The correlation coefficient from the Fisher’s test is -0.003212563. This is a very small negative correlation.

The low p-value rejects the null hypothesis. Although the correlation is weak, it is still statistically significant, meaning there is evidence of a relationship between Quantity and UnitPrice in the data. ### Visualization:

ggplot(df, aes(Quantity, UnitPrice)) +
  geom_point() +
  geom_smooth(method='lm')
## `geom_smooth()` using formula = 'y ~ x'

In conclusion, while the correlation is small, the hypothesis test indicates it is significant, so we reject the null hypothesis of no relationship.

Null Hypothesis 2

I hypothesize no relationship between CustomerID and UnitPrice.

Alpha, Power, Effect size:

alpha <- 0.01 
power <- 0.9
effect_size <- 0.4

For this test, I used a stricter 0.01 alpha to further control Type I errors. I had less basis for expecting a relationship here. The higher 0.9 power balances the stricter alpha - provides good probability of detecting a relationship if present. I expected a larger potential effect size here since CustomerID differences could create broader UnitPrice gaps. The 0.4 value covers medium effects based on Cohen’s benchmarks.

Neyman- Pearson:

The dataset contains 4373 unique CustomerID values. With 4373 customer groups, the vast majority likely have 30 or more records each. Therefore, there appears to be sufficient sample size to perform the Neyman-Pearson ANOVA test for this hypothesis.

# Number of Unique CustomerID Values for Null Hypothesis 2
unique_customer_ids <- unique(Online_Retail$CustomerID)
num_unique_customer_ids <- length(unique_customer_ids)

cat("Number of Unique CustomerID Values for Null Hypothesis 2:", num_unique_customer_ids, "\n")
## Number of Unique CustomerID Values for Null Hypothesis 2: 4373
df <- df[complete.cases(df[,c("CustomerID", "UnitPrice")]),]

# Run ANOVA 
model <- aov(UnitPrice ~ CustomerID, data=df)

# Get summary
summary(model)
##                 Df    Sum Sq Mean Sq F value   Pr(>F)    
## CustomerID       1     22927   22927   46.96 7.25e-12 ***
## Residuals   397922 194270157     488                     
## ---
## Signif. codes:  0 '***' 0.001 '**' 0.01 '*' 0.05 '.' 0.1 ' ' 1

Pr(>F) is considered as p-value.A p-value of 7.25e-12 indicates a very small, statistically significant result. The *** notation means the p-value is less than 0.001.
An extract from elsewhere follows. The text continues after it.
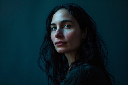 A young woman with long, dark hair looks thoughtfully into the distance against a blurred blue background.

Since this p-value is below the standard 0.05 significance level, we would reject the null hypothesis and conclude that there is a statistically significant difference in UnitPrice across the CustomerID groups.

In summary:

The ANOVA p-value is 7.25e-12 This is extremely small and denotes high significance We would reject the null hypothesis at alpha = 0.05 The test indicates UnitPrice differs significantly based on CustomerID

Fisher’s test

# Fisher's test
cor.test(df$CustomerID, df$UnitPrice, method='pearson')
## 
##  Pearson's product-moment correlation
## 
## data:  df$CustomerID and df$UnitPrice
## t = -6.8528, df = 397922, p-value = 7.25e-12
## alternative hypothesis: true correlation is not equal to 0
## 95 percent confidence interval:
##  -0.013969481 -0.007756114
## sample estimates:
##        cor 
## -0.0108629

The correlation coefficient from the Fisher’s test is -0.0108629. This is a very small negative correlation.A correlation coefficient close to 0 (like -0.0108629) suggests a very weak linear relationship between the variables, and it’s unlikely that this relationship has practical significance.

Visualization:

boxplot(UnitPrice ~ CustomerID, data=df[1:100,])
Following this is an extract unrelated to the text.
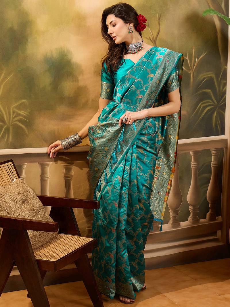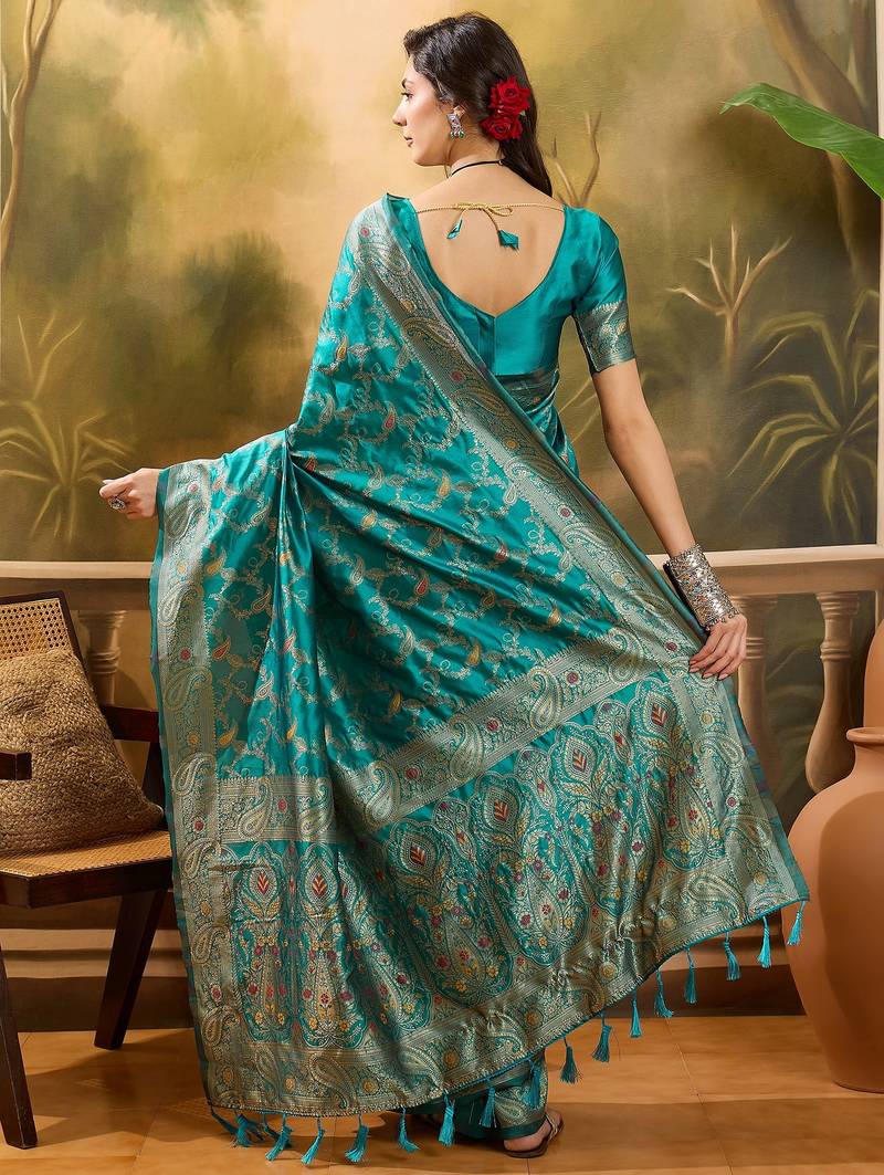 | Product Name | Teal Banarasi Jacquard Saree With Rich Zari Weaving, Mina & Lace Work On Pallu | |

In conclusion, the hypothesis test indicates the negligible correlation is not statistically significant, so we fail to reject the null hypothesis of no relationship between CustomerID and UnitPrice.

Here are the overall conclusions for the hypothesis testing on the Online Retail dataset:

Overall Conclusions

The hypothesis testing revealed a very small but statistically significant negative correlation between Quantity and UnitPrice, with a correlation coefficient of -0.003212563.

The test found no significant relationship between CustomerID and UnitPrice, with a negligible correlation coefficient of -0.0108629.